### REQUIRED ACTION
Without including the pictures, copy out every line below.

### MATERIAL PROVIDED

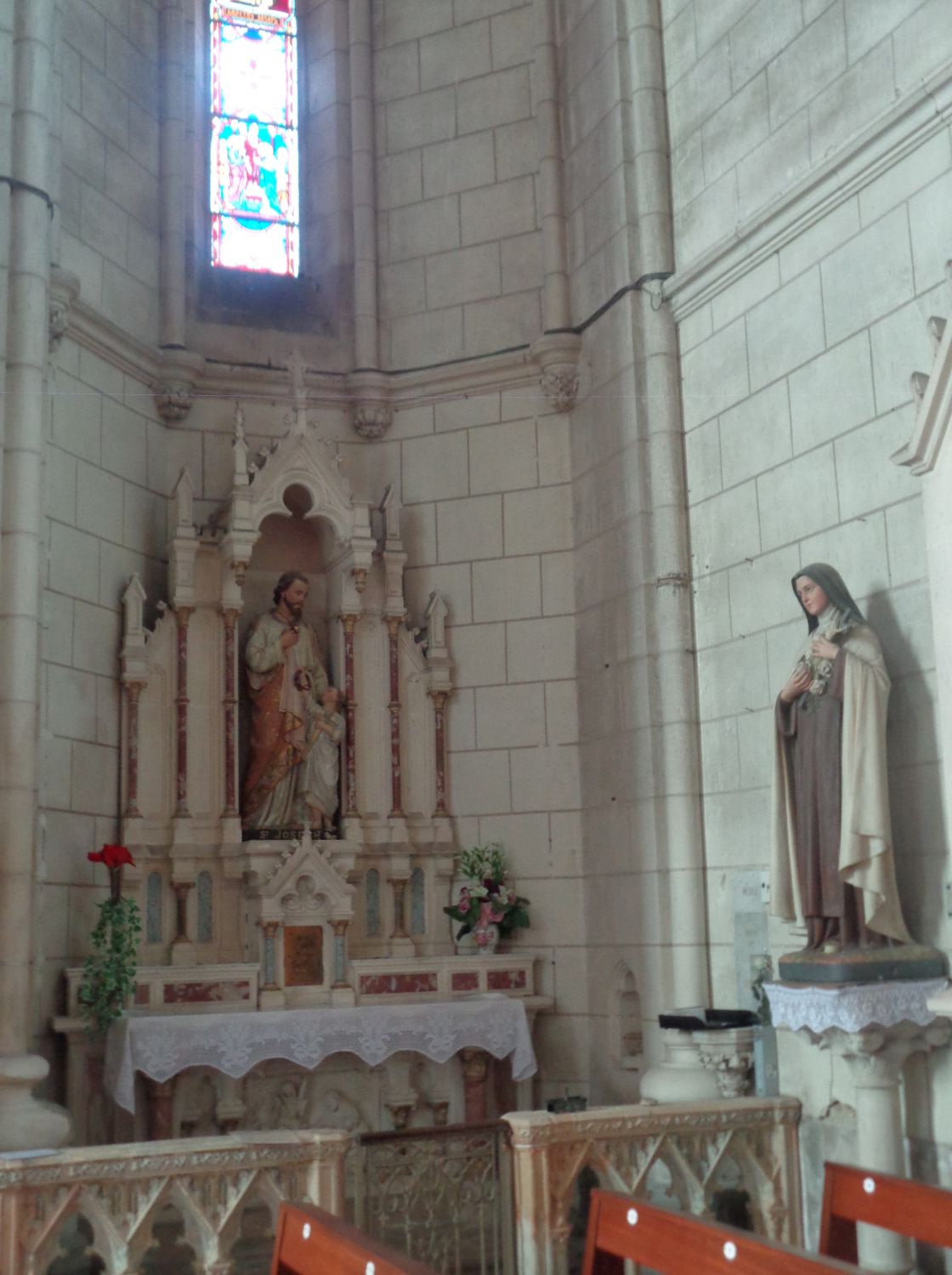 The Church of Saint Pierre on its statues : On the right: Anne and Mary as a child, the Virgin and Child, the Sacred Heart, Joseph and the Child. On the walls: in the left arm of the transept, Our Lady of Lourdes (1954); in the right arm, Thérèse of the Child Jesus , Joan of Arc, beatified in 1909. At the two entrances to the church, two statues that have just been restored: Hilary (1925 model) and Peter. Near the entrance, in the side aisles, two confessionals have been preserved. The Stations of the Cross are made of polychrome bas-reliefs. A large crucifix is located at the end of the nave, on the right, at the entrance to the crossing of the transept, probably opposite the location of the pulpit Three bells were baptized in 1896 (Louise Emilienne-Alfred, Jeanne-Marie-Augustine, Henriette Joséphine-Madeleine). Another was blessed by Bishop Vion in June 1950 (Paule-Thérèse). The organs were blessed by the bishop in 1939. They were rebuilt in 1959. In 1978, an electronic organ was purchased. And in 2014, a new batistery, made of repoussé metal, was blessed.
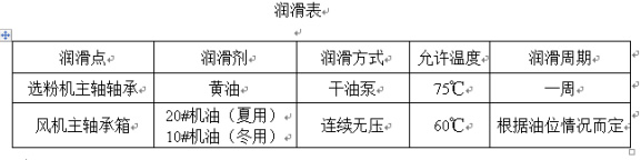 在日常運行中,應保證各潤滑點充分潤滑,并定期對粉分離器內(nèi)軸承和風機軸承進行潤滑(見下表)。在日常維護中,注意粉體分離器轉子的平衡。如發(fā)現(xiàn)異常振動,應立即停機檢查原因,并可在運行前繼續(xù)故障。
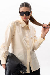 Блузка женская, актуального кроя, с отрезной кокеткой. Рукав втачной, притачная манжета с планкой застегивающейся на пуговицу. Воротник стояче-отложной с отрезной стойкой. Линия низа фигурная. На левой полочке декоративная бирка. Стильная, современная блузка легко встраивается в современный гардероб для любительниц office и old money core. Длина по центру спинки 69 см. Длина рукава 60 см. Ширина плеча 15 см. Параметры в готовом виде в 44 р.: обхват груди 98 см, обхват бедер 104 см.
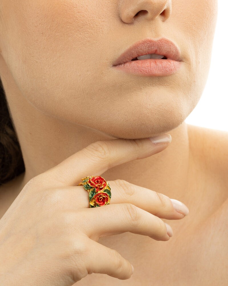 Anello donna isola bella, 20001161 ANELLO ROSA, collezione anelli, in argento 925 placcato oro con smalti, misura regolabile. Il più classico e il più amato dei fiori – la rosa – è celebrato da questo anello. La sua struttura sinuosa non è mai invadente e avvolge le dita assecondando la forma. Un gioiello che impreziosisce con la sua bellezza composta e un fascino senza tempo.
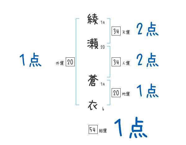 天運![]() | 綾瀬蒼衣さんの天運は34画の2つ星!独創性に優れるが、自尊心が強く災難に注意しましょう。 家系が持つ宿命的な運勢を表します。祖先から受け継いだ苗字ですので自分の力が及びません。家柄を象徴します。 |
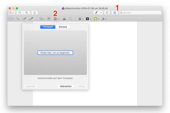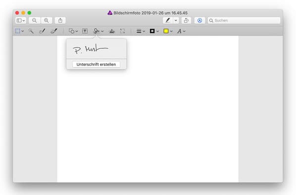Unterschreiben Sie mit einem nicht zu dünnen Stift auf einem weissen Blatt Papier. Für die Erfassung der Unterschrift öffnen Sie im Programm «Vorschau» eine beliebige Datei: ein Bild, ein PDF … was auch immer.
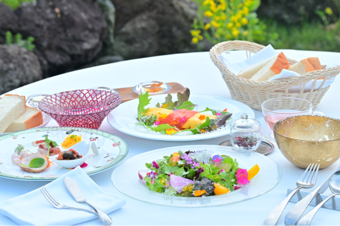 まるでお花畑のようなサラダなどボタニカルな朝食をお愉しみいただけます。
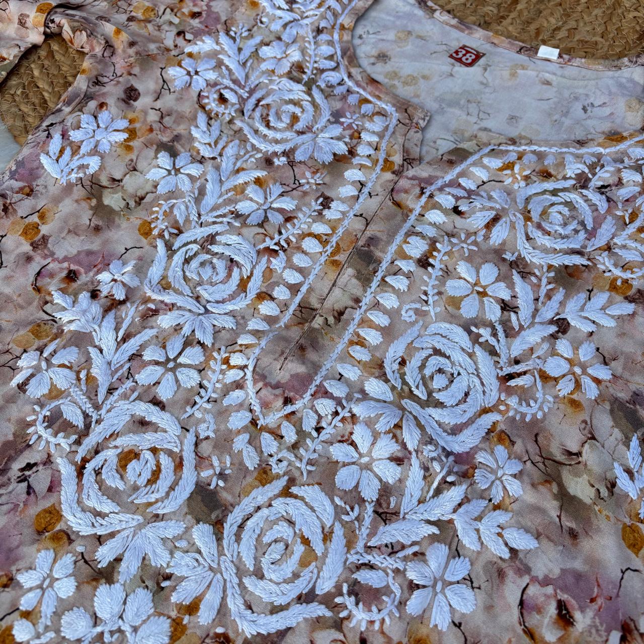 Elegant Soft Rayon Rose work Lucknowi Chikankari Kurti 💕
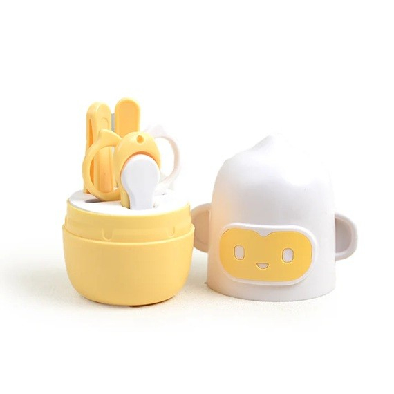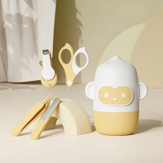 Set 4 Piese Ingrijire Unghii Bebelusi, din ABS+Otel Inoxidabil, Cutie de Depozitare Tip Maimuta, de la 0 Luni, Galben
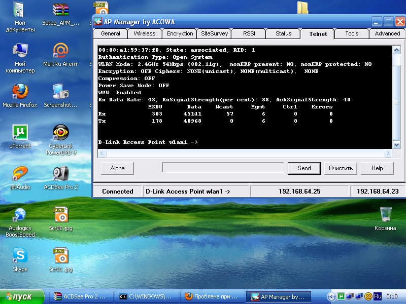 Здравствуйте, у меня линк 300 метров оборудование две точки доступа D-Link dwl2100ap и две направленные антенны D-Link Ant24-1201(разчёска) удаленная точка пятиэтажка крыша термобокс, локальная точка мой частный дом крыша! Видемость обсолютно премая! Удалённая точка настроенна в режиме Access Point а локальная в режиме Wireless Client. Скорость должна быть 8-10 мегабит. Всё работалло более менее нормально месеца два, если так можно сказать! И вот как неделю назад и до сих пор скорость колеблиться от 1 до 3 мегабит, в чём дело не знаю! Ping удалённой точки шас от 50 до 600mc уровень сигнала 70-90. Перезагружал не помогло перпрошил два дня назад прошивка 2,50, вроде пинг стал ровным от 2 до 7 mc а скорость интернета не выросла. A сегодня опять пинг от 100 до 600мс и скорость интернета 1,5 мегабит пробывал менять каналы не помогло перезагружать не помогло. Звонил провайдеру они уверяют что у них всё отлично только они видят мою удалённую точку а мою которая стоит у меня дома не могут зайти,Помогите что делать что исправлять до этого было всё нормально а щас скорость в разы упала, Иззвените за ошибки
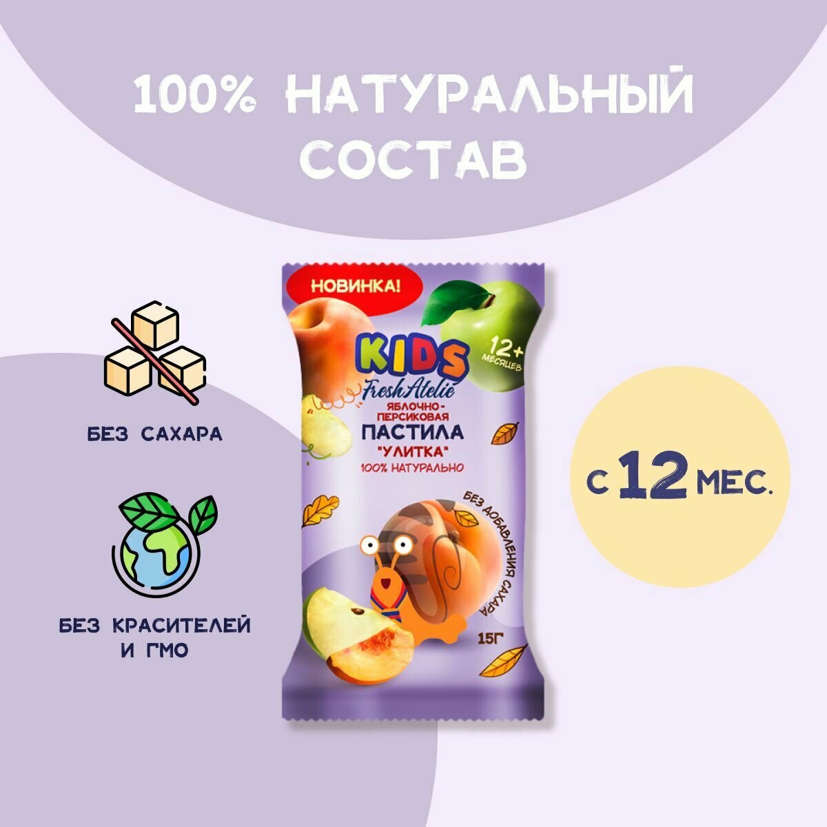 10 цен на Пастила Fresh Atelie KIDS Улитка для детей с 12 мес, Яблоко-персик, шоубокс 15 г x 20 шт, без сахара

### RESULT OF THIS EXERCISE
 The Church of Saint Pierre on its statues : On the right: Anne and Mary as a child, the Virgin and Child, the Sacred Heart, Joseph and the Child. On the walls: in the left arm of the transept, Our Lady of Lourdes (1954); in the right arm, Thérèse of the Child Jesus , Joan of Arc, beatified in 1909. At the two entrances to the church, two statues that have just been restored: Hilary (1925 model) and Peter. Near the entrance, in the side aisles, two confessionals have been preserved. The Stations of the Cross are made of polychrome bas-reliefs. A large crucifix is located at the end of the nave, on the right, at the entrance to the crossing of the transept, probably opposite the location of the pulpit Three bells were baptized in 1896 (Louise Emilienne-Alfred, Jeanne-Marie-Augustine, Henriette Joséphine-Madeleine). Another was blessed by Bishop Vion in June 1950 (Paule-Thérèse). The organs were blessed by the bishop in 1939. They were rebuilt in 1959. In 1978, an electronic organ was purchased. And in 2014, a new batistery, made of repoussé metal, was blessed.
 在日常運行中,應保證各潤滑點充分潤滑,并定期對粉分離器內(nèi)軸承和風機軸承進行潤滑(見下表)。在日常維護中,注意粉體分離器轉子的平衡。如發(fā)現(xiàn)異常振動,應立即停機檢查原因,并可在運行前繼續(xù)故障。
 Блузка женская, актуального кроя, с отрезной кокеткой. Рукав втачной, притачная манжета с планкой застегивающейся на пуговицу. Воротник стояче-отложной с отрезной стойкой. Линия низа фигурная. На левой полочке декоративная бирка. Стильная, современная блузка легко встраивается в современный гардероб для любительниц office и old money core. Длина по центру спинки 69 см. Длина рукава 60 см. Ширина плеча 15 см. Параметры в готовом виде в 44 р.: обхват груди 98 см, обхват бедер 104 см.
 Anello donna isola bella, 20001161 ANELLO ROSA, collezione anelli, in argento 925 placcato oro con smalti, misura regolabile. Il più classico e il più amato dei fiori – la rosa – è celebrato da questo anello. La sua struttura sinuosa non è mai invadente e avvolge le dita assecondando la forma. Un gioiello che impreziosisce con la sua bellezza composta e un fascino senza tempo.
 天運![]() | 綾瀬蒼衣さんの天運は34画の2つ星!独創性に優れるが、自尊心が強く災難に注意しましょう。 家系が持つ宿命的な運勢を表します。祖先から受け継いだ苗字ですので自分の力が及びません。家柄を象徴します。 |
Unterschreiben Sie mit einem nicht zu dünnen Stift auf einem weissen Blatt Papier. Für die Erfassung der Unterschrift öffnen Sie im Programm «Vorschau» eine beliebige Datei: ein Bild, ein PDF … was auch immer.
 まるでお花畑のようなサラダなどボタニカルな朝食をお愉しみいただけます。
 Elegant Soft Rayon Rose work Lucknowi Chikankari Kurti 💕
 Set 4 Piese Ingrijire Unghii Bebelusi, din ABS+Otel Inoxidabil, Cutie de Depozitare Tip Maimuta, de la 0 Luni, Galben
 Здравствуйте, у меня линк 300 метров оборудование две точки доступа D-Link dwl2100ap и две направленные антенны D-Link Ant24-1201(разчёска) удаленная точка пятиэтажка крыша термобокс, локальная точка мой частный дом крыша! Видемость обсолютно премая! Удалённая точка настроенна в режиме Access Point а локальная в режиме Wireless Client. Скорость должна быть 8-10 мегабит. Всё работалло более менее нормально месеца два, если так можно сказать! И вот как неделю назад и до сих пор скорость колеблиться от 1 до 3 мегабит, в чём дело не знаю! Ping удалённой точки шас от 50 до 600mc уровень сигнала 70-90. Перезагружал не помогло перпрошил два дня назад прошивка 2,50, вроде пинг стал ровным от 2 до 7 mc а скорость интернета не выросла. A сегодня опять пинг от 100 до 600мс и скорость интернета 1,5 мегабит пробывал менять каналы не помогло перезагружать не помогло. Звонил провайдеру они уверяют что у них всё отлично только они видят мою удалённую точку а мою которая стоит у меня дома не могут зайти,Помогите что делать что исправлять до этого было всё нормально а щас скорость в разы упала, Иззвените за ошибки
 10 цен на Пастила Fresh Atelie KIDS Улитка для детей с 12 мес, Яблоко-персик, шоубокс 15 г x 20 шт, без сахара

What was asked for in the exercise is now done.